→ **MATERIAL PROVIDED**:

◇ ◇ ◇ ◇

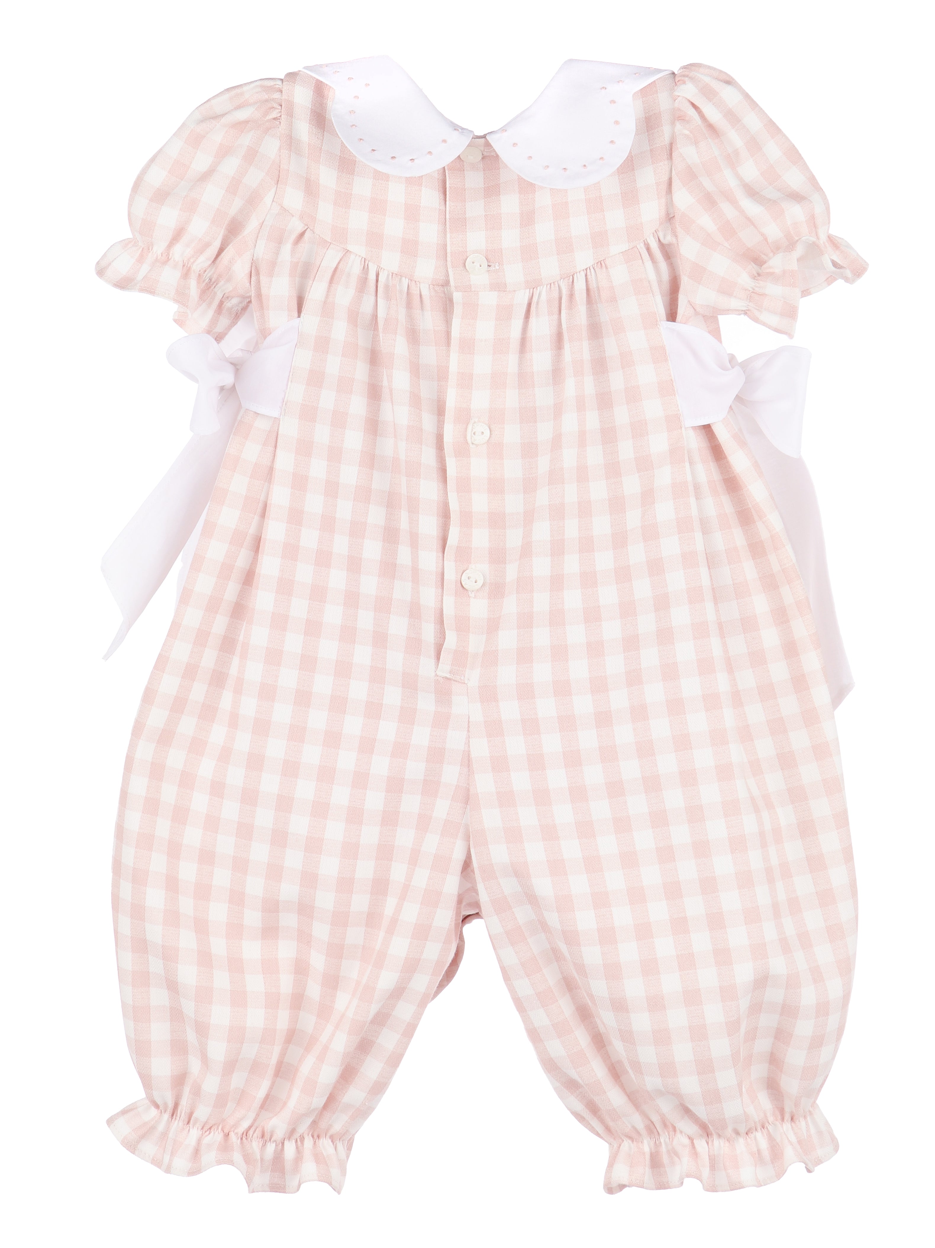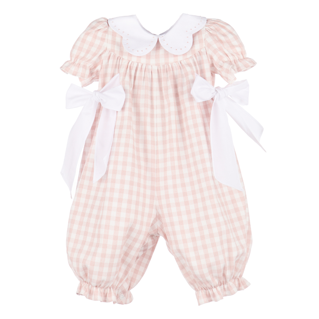 Tecomoabesos Hand Smocked Playsuit, White with Pink
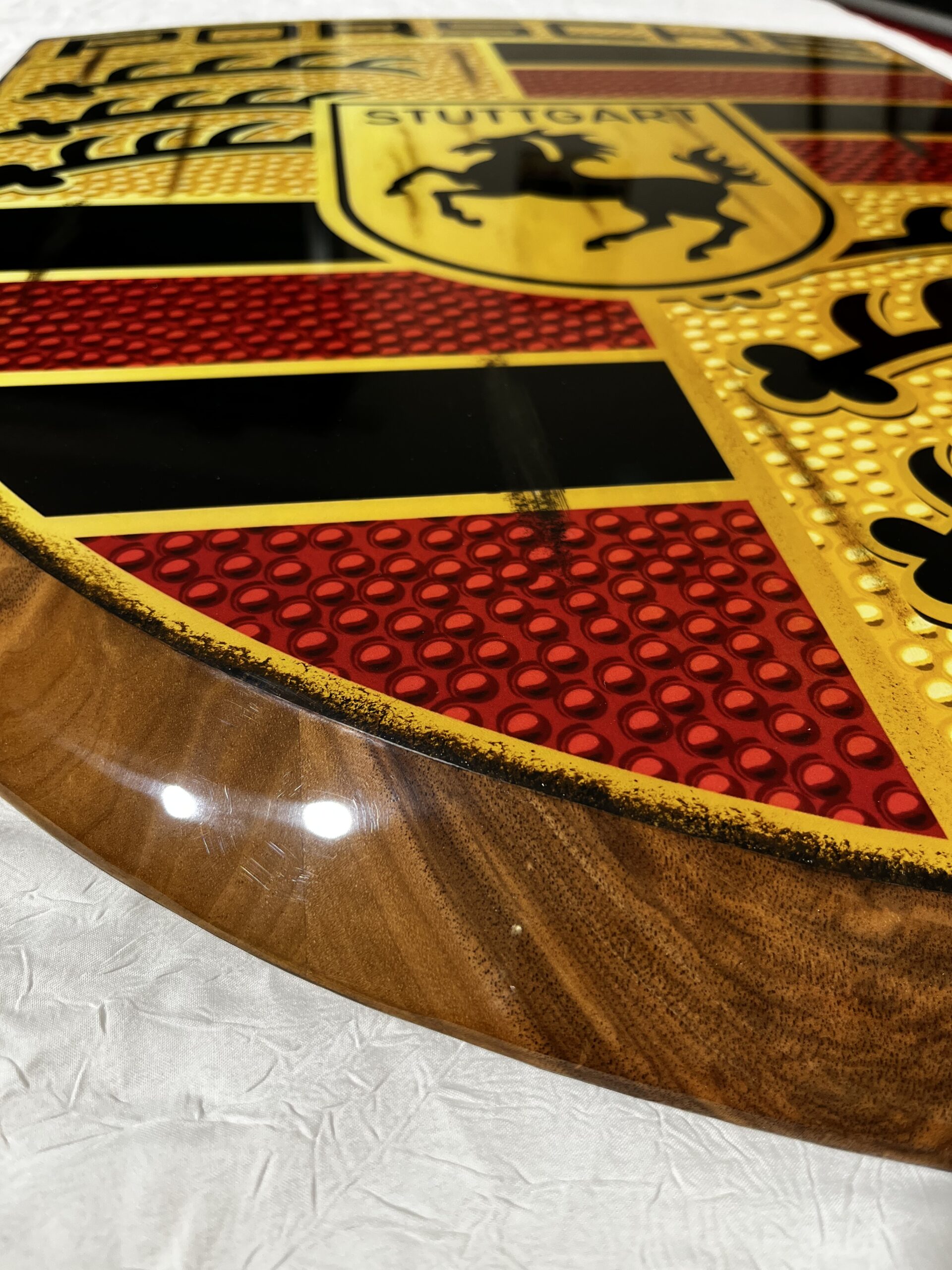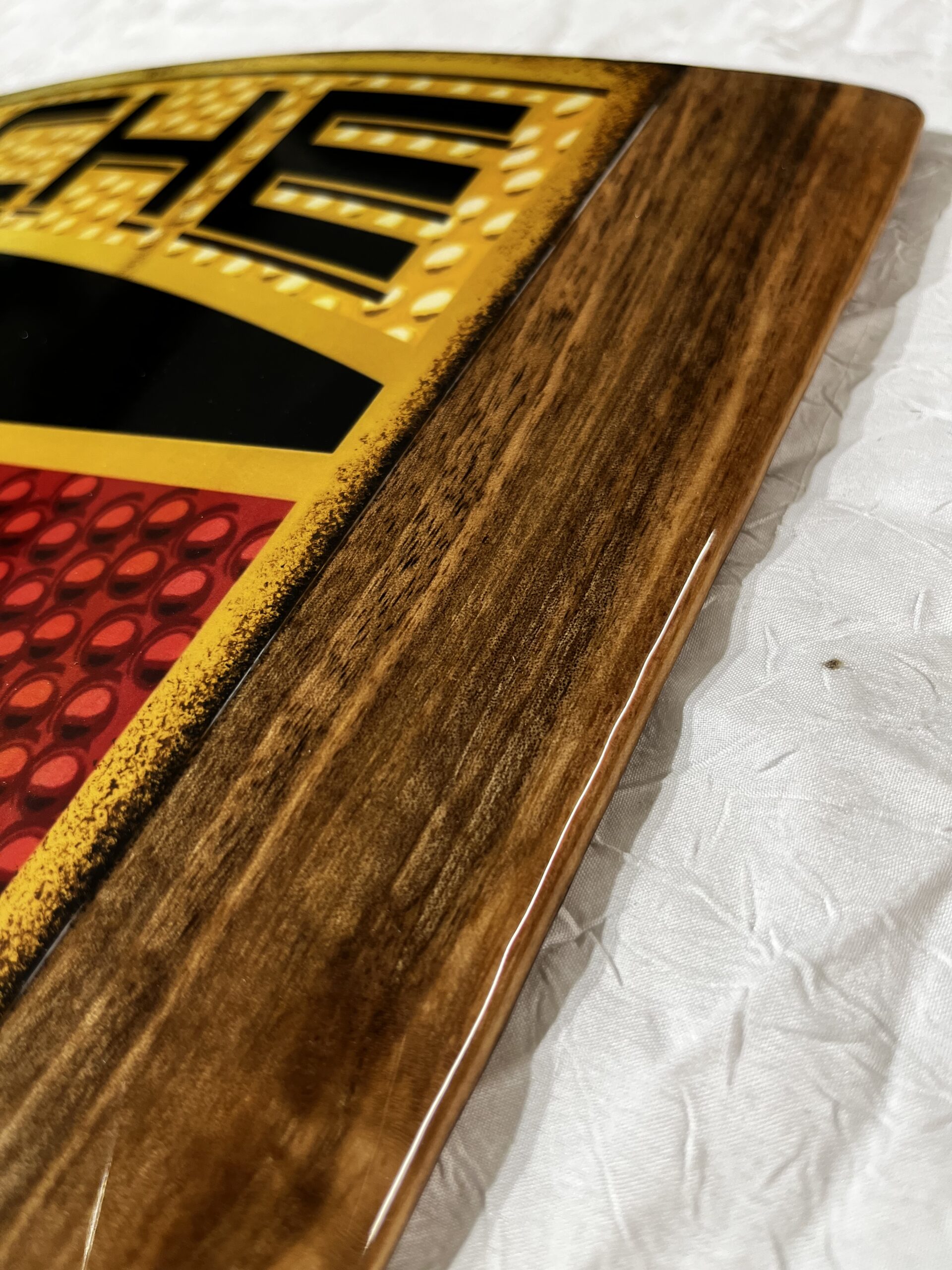 Un hommage raffiné à l’héritage sportif et à l’ingénierie d’exception de la ville mythique allemande. Réalisée sur bois, chaque pièce est magnifiée par une photographie à l’esthétique volontairement vieillie, puis protégée par une résine époxy polylustrée offrant profondeur, éclat et pérennité.
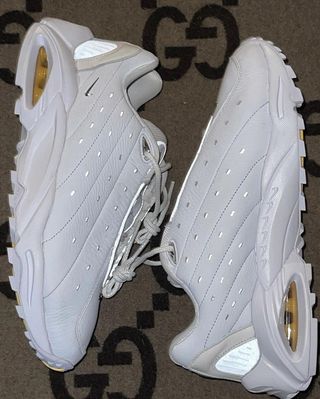 Teased via a few in-studio images further below, the pair is set to arrive first in a bright White/Chrome colorway. While it does share part of its name with existing offerings, the design only seems loosely inspired by the line-up. The tooling, for example, does bear a passing resemblance to the Air Terra Humara, but it also has an overall appearance of mid 90’s Air Max runners, namely the Air Max 95, albeit with added chunk overall.
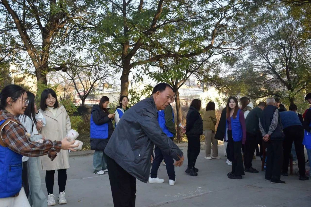 活力立冬,精彩不停。志愿者和社区居民们共同参与你画我猜、套圈以及投沙包等精彩纷呈的游戏活动。你画我猜环节中,居民与志愿者们默契配合,引得阵阵欢呼;猜谜语环节中,大家绞尽脑汁,展现非凡智慧;套圈与投沙包活动更是欢乐不断,击中目标的瞬间大家纷纷拍手叫好。志愿者和居民们踊跃参与,现场的气氛随着活动的持续推进而愈发高涨,仿佛要将立冬的寒意都消融在这热烈的氛围中。
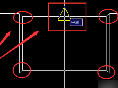 5、将两个矩形的四个端点直线连接,在中点位置绘制一条直线。
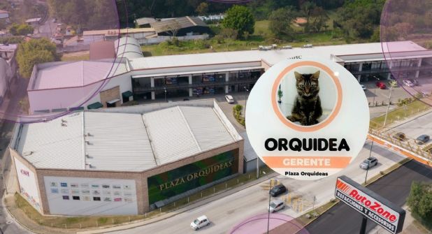 El respeto de Plaza Orquídeas hacia la gerente felina es tal, que dentro de la plaza se encuentra una placa con la foto de la gatita, debajo de su foto se puede leer que es la gerente del lugar, y más abajo, una breve descripción acompaña la placa.
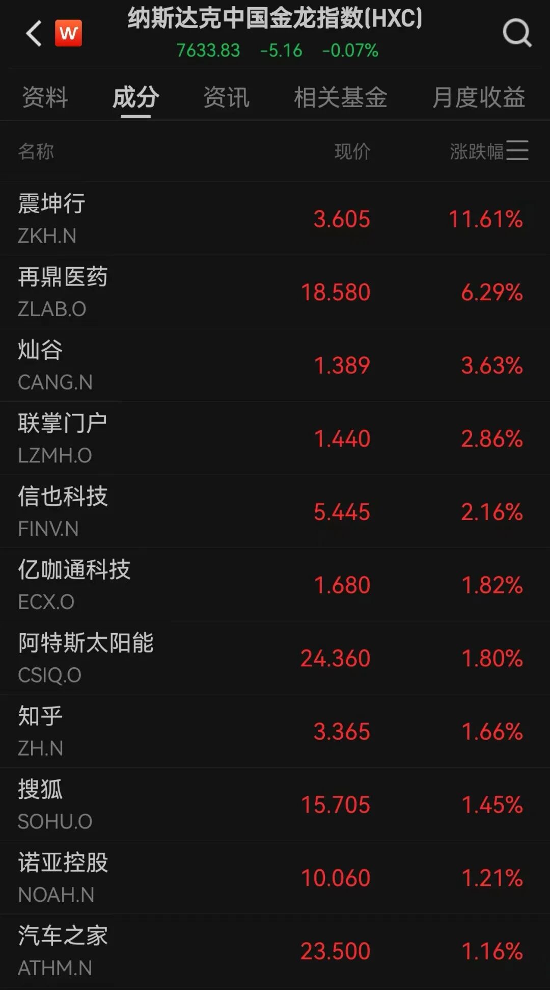 热门中概股隔夜涨跌不一,纳斯达克中国金龙指数微跌0.07%。成分股中,再鼎医药涨逾6%,信也科技涨逾2%,阿特斯太阳能涨近2%,霸王茶姬跌近2%,金山云、好未来双双跌逾1%。
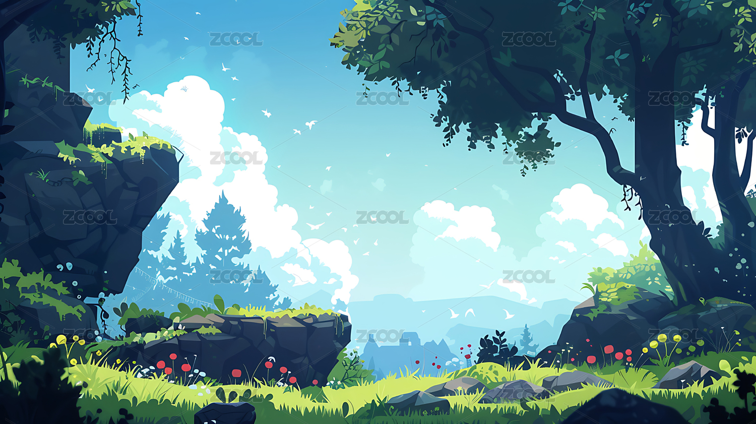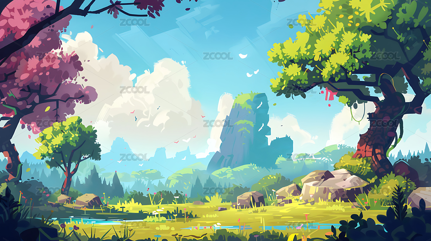 2d卡通游戏背景插画
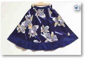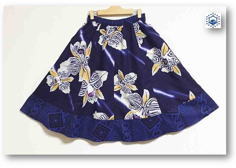 スカート本体は濃紺に浮かび上がるように蘭が染められた浴衣地、
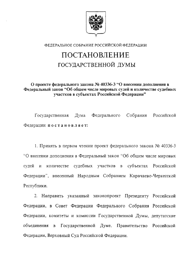 "О ПРОЕКТЕ ФЕДЕРАЛЬНОГО ЗАКОНА N 40336-3 "О ВНЕСЕНИИ ДОПОЛНЕНИЯ В ФЕДЕРАЛЬНЫЙ ЗАКОН "ОБ ОБЩЕМ ЧИСЛЕ МИРОВЫХ СУДЕЙ И КОЛИЧЕСТВЕ СУДЕБНЫХ УЧАСТКОВ В СУБЪЕКТАХ РОССИЙСКОЙ ФЕДЕРАЦИИ"

◇ ◇ ◇ ◇

→ **EXERCISE**: Start at the line that contains "スカート本体は濃紺に浮かび上がるように蘭が染められた浴衣地、" and retype every line through the end of the entries above, both ends included. Exclude all pictures.

→ **ANSWER SPACE**:
 スカート本体は濃紺に浮かび上がるように蘭が染められた浴衣地、
 "О ПРОЕКТЕ ФЕДЕРАЛЬНОГО ЗАКОНА N 40336-3 "О ВНЕСЕНИИ ДОПОЛНЕНИЯ В ФЕДЕРАЛЬНЫЙ ЗАКОН "ОБ ОБЩЕМ ЧИСЛЕ МИРОВЫХ СУДЕЙ И КОЛИЧЕСТВЕ СУДЕБНЫХ УЧАСТКОВ В СУБЪЕКТАХ РОССИЙСКОЙ ФЕДЕРАЦИИ"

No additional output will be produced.